EXERCISE
Start to finish, print the data below exactly, without the images.
────────────────────────────────────────
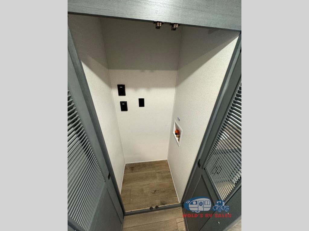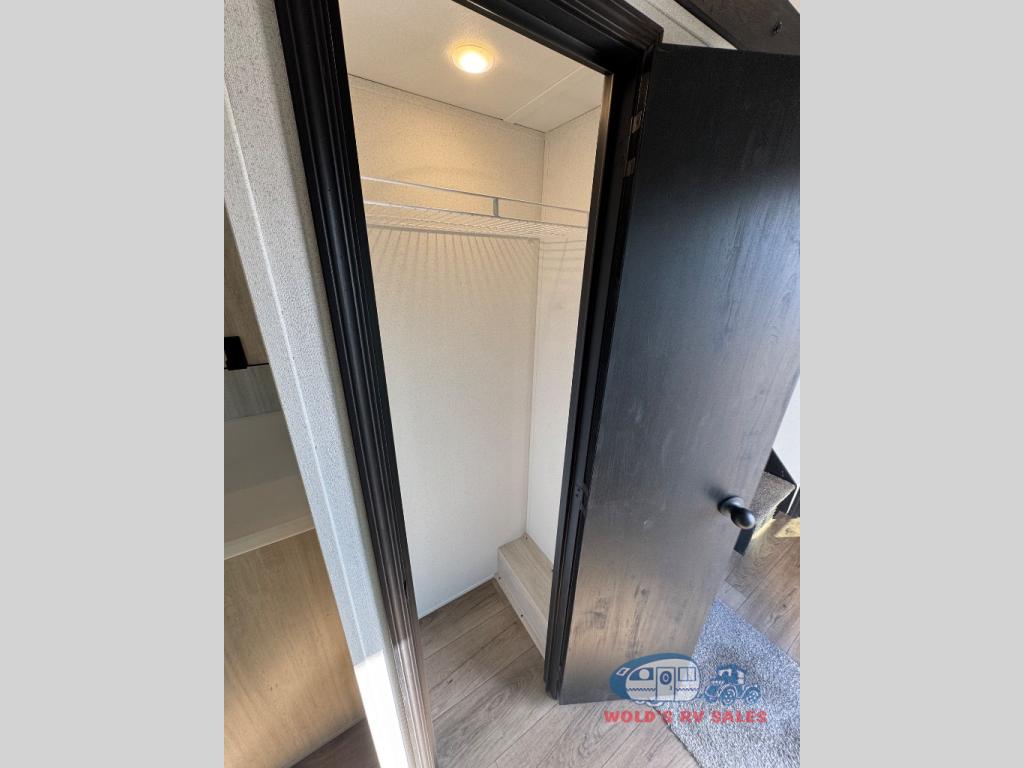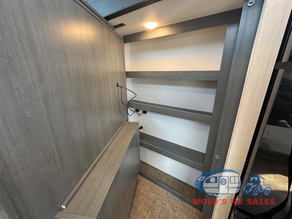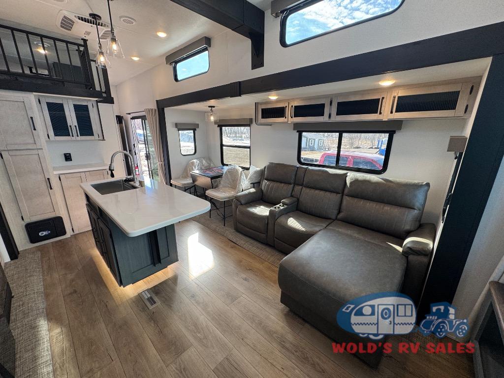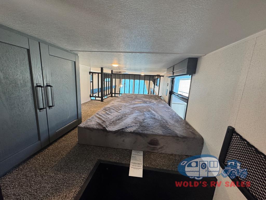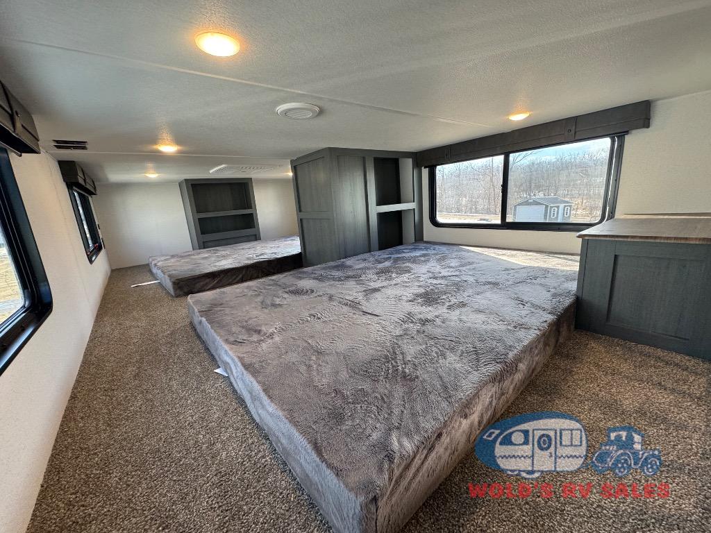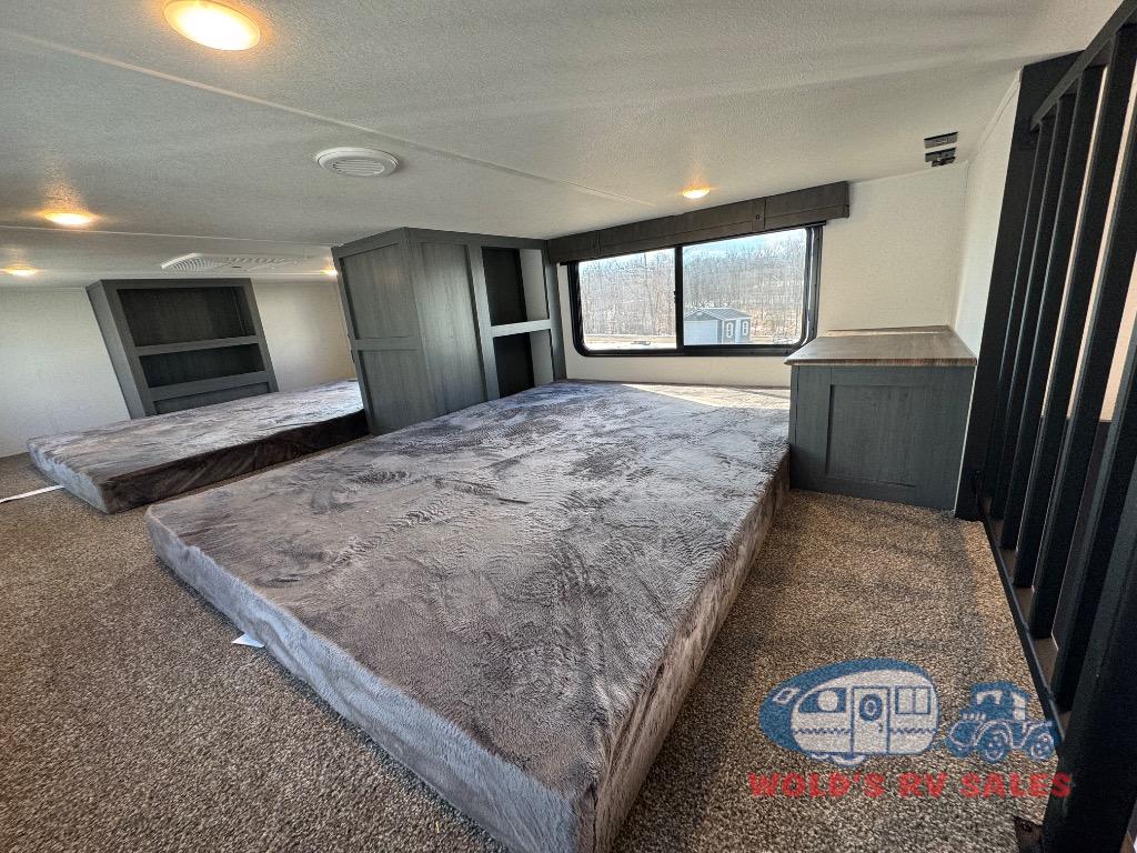 Your crew of eight will love extended stays in this spacious destination trailer. With dual opposing slides in the combined kitchen and living area, everyone can relax comfortably on the L-shaped sofa with recliners at the end or dine at the table and chairs. There is a spacious kitchen island with two chairs, a pantry for dry goods, and even a second, hidden pantry behind the TV for games, movies and more. A full bath is located right as you enter the unit for added convenience, and you'll find the second full bath up front in the master bedroom. You're sure to enjoy the king bed slide out here, along with a dresser and a wardrobe/closet to keep your things tidy. There is even washer and dryer prep in the front bath if you choose to add these appliances. Your guests or little ones will love the loft that includes two 54" x 74" bunk mats and storage on one side, plus a third bunk mat (32" x 74") and storage on the other!
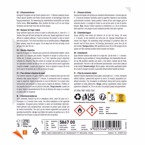 . Il prodotto va lasciato agire per qualche minuto, dopodiché l’etichetta può essere facilmente rimossa
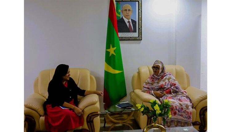 La Commissaire à la Sécurité alimentaire, Mme Fatimetou Mint Khatri, a reçu lundi à son bureau à Nouakchott, la directrice exécutive adjointe du Programme alimentaire mondial (PAM), la directrice exécutive adjointe du Programme alimentaire mondial (PAM), Valerie Guerneri, à la tête d’une délégation de haut niveau du PAM actuellement en visite en Mauritanie dans le cadre du programme de cette institution onusienne visant à renforcer la résilience des groupes affectés par le changement climatique.
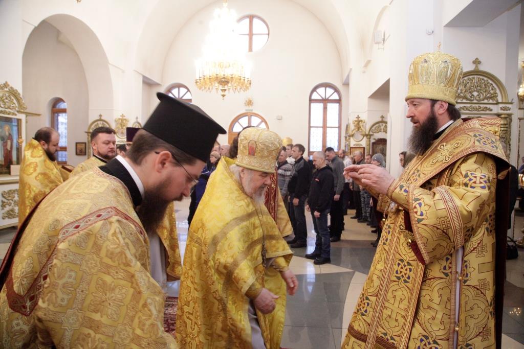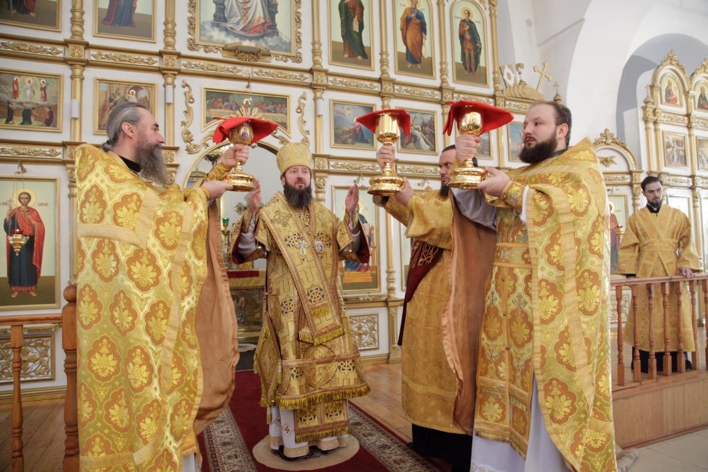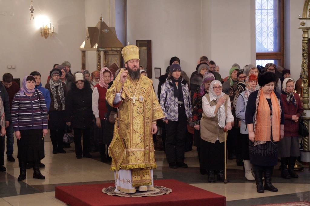 В последнее воскресение уходящего года Управляющий Усть-Каменогорской и Семипалатинской епархией Преосвященнейший епископ Амфилохий возглавил служение Божественной Литургии святителя Иоанна Златоуста в Свято-Андреевском кафедральном соборе города Усть-Каменогорска. Его Преосвященству сослужили: духовник епархии архимандрит Спиридон (Теплухин), ключарь собора иеромонах Никодим (Авдеев), руководитель епархиальной канцелярии иерей Константин Дьяков, настоятель Екатерининского храма поселка Новая Бухтарма иерей Алексий Горбунов, протодиакон Андрей Дудник, иеродиакон Мефодий (Шевчук), диакон Владимир Лаврешин.
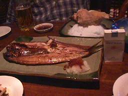 ほっけ(左写真)。右のタバコは大きさの比較のため(ベタ)。奥にあるのが「つぶやき」。デカいつぶ貝を壷焼きにしたもの。23時終了。札幌ラーメンには興味がないので食べず。暑いし。
────────────────────────────────────────
ANSWER BELOW
 Your crew of eight will love extended stays in this spacious destination trailer. With dual opposing slides in the combined kitchen and living area, everyone can relax comfortably on the L-shaped sofa with recliners at the end or dine at the table and chairs. There is a spacious kitchen island with two chairs, a pantry for dry goods, and even a second, hidden pantry behind the TV for games, movies and more. A full bath is located right as you enter the unit for added convenience, and you'll find the second full bath up front in the master bedroom. You're sure to enjoy the king bed slide out here, along with a dresser and a wardrobe/closet to keep your things tidy. There is even washer and dryer prep in the front bath if you choose to add these appliances. Your guests or little ones will love the loft that includes two 54" x 74" bunk mats and storage on one side, plus a third bunk mat (32" x 74") and storage on the other!
 . Il prodotto va lasciato agire per qualche minuto, dopodiché l’etichetta può essere facilmente rimossa
 La Commissaire à la Sécurité alimentaire, Mme Fatimetou Mint Khatri, a reçu lundi à son bureau à Nouakchott, la directrice exécutive adjointe du Programme alimentaire mondial (PAM), la directrice exécutive adjointe du Programme alimentaire mondial (PAM), Valerie Guerneri, à la tête d’une délégation de haut niveau du PAM actuellement en visite en Mauritanie dans le cadre du programme de cette institution onusienne visant à renforcer la résilience des groupes affectés par le changement climatique.
 В последнее воскресение уходящего года Управляющий Усть-Каменогорской и Семипалатинской епархией Преосвященнейший епископ Амфилохий возглавил служение Божественной Литургии святителя Иоанна Златоуста в Свято-Андреевском кафедральном соборе города Усть-Каменогорска. Его Преосвященству сослужили: духовник епархии архимандрит Спиридон (Теплухин), ключарь собора иеромонах Никодим (Авдеев), руководитель епархиальной канцелярии иерей Константин Дьяков, настоятель Екатерининского храма поселка Новая Бухтарма иерей Алексий Горбунов, протодиакон Андрей Дудник, иеродиакон Мефодий (Шевчук), диакон Владимир Лаврешин.
 ほっけ(左写真)。右のタバコは大きさの比較のため(ベタ)。奥にあるのが「つぶやき」。デカいつぶ貝を壷焼きにしたもの。23時終了。札幌ラーメンには興味がないので食べず。暑いし。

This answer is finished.